The Guide provides some practical recommendations to avoid contravening privacy laws. Following is a summary:
- Consent: When an organization collects an individual’s email address, the organization should clearly and accurately explain how the organization will use and disclose the email address. An organization should not assume that an individual whose electronic address is available online (e.g. on a website) consents to the use of the address for commercial marketing purposes.
- Due Diligence – Purchased Lists: If an organization intends to send commercial electronic messages using an address list purchased from an address list vendor, the organization should make appropriate enquiries to ensure that the vendor obtained appropriate consent to the collection and use by the organization of the listed addresses.
- Due Diligence – Service Providers: If an organization engages a marketing service provider, the organization should make appropriate enquiries to ensure that the service provider complies with privacy law requirements regarding the collection and use of electronic addresses to promote the organization and its business.

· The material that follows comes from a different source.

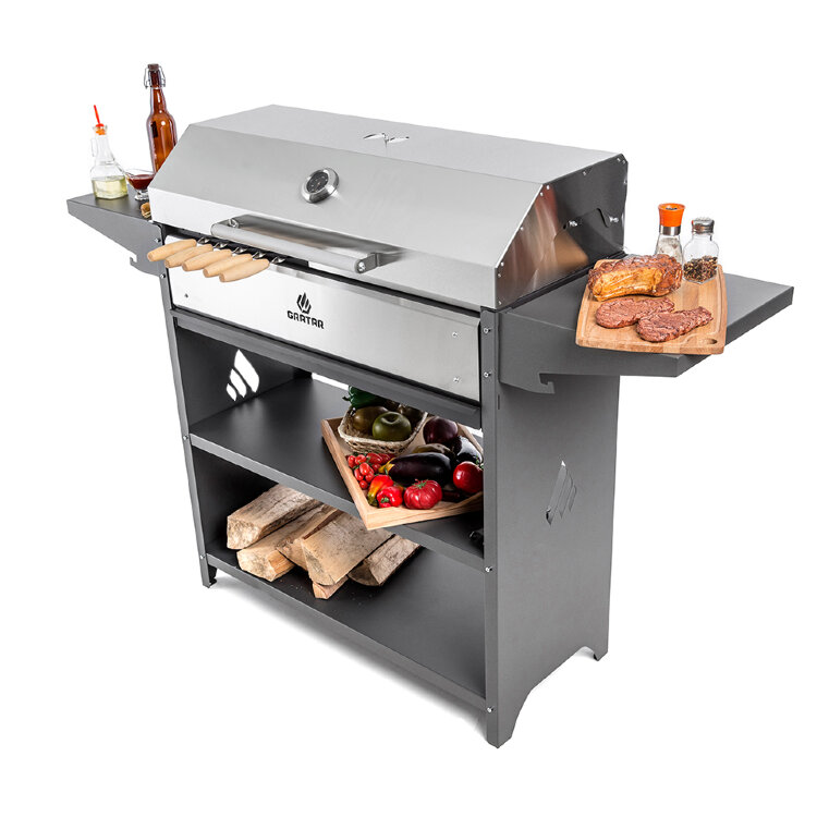 Вместительный гриль-мангал с крышкой барбекю из нержавеющей стали. Выдвижной зольник, термометр и заслонка позволяют точно регулировать интенсивность жара.

- Current Information: An organization dealing with an address list vendor or a marketing service provider should make appropriate enquiries to ensure that the vendor or service provider keeps its electronic address lists up to date (e.g. by removing addresses when individuals withdraw consent by unsubscribing from the receipt of future marketing emails) and informs the organization of those changes.
- Consent Withdrawal: An organization should enable individuals to withdraw consent to the use of their personal information at any time, subject to legal or contractual restrictions and reasonable notice.
- Documentation/Contracts: An organization should document (for future reference) the organization’s due diligence regarding privacy law compliance, and should include in contracts with address list vendors and marketing service providers appropriate obligations for compliance with both privacy laws and CASL.
Organizations that send commercial electronic messages must comply with both Canadian privacy laws and CASL. As a general rule, organizations that send commercial electronic messages should ensure that each message recipient has given meaningful consent to both the organization’s collection and use of the individual’s email address and the receipt of the organization’s commercial electronic messages.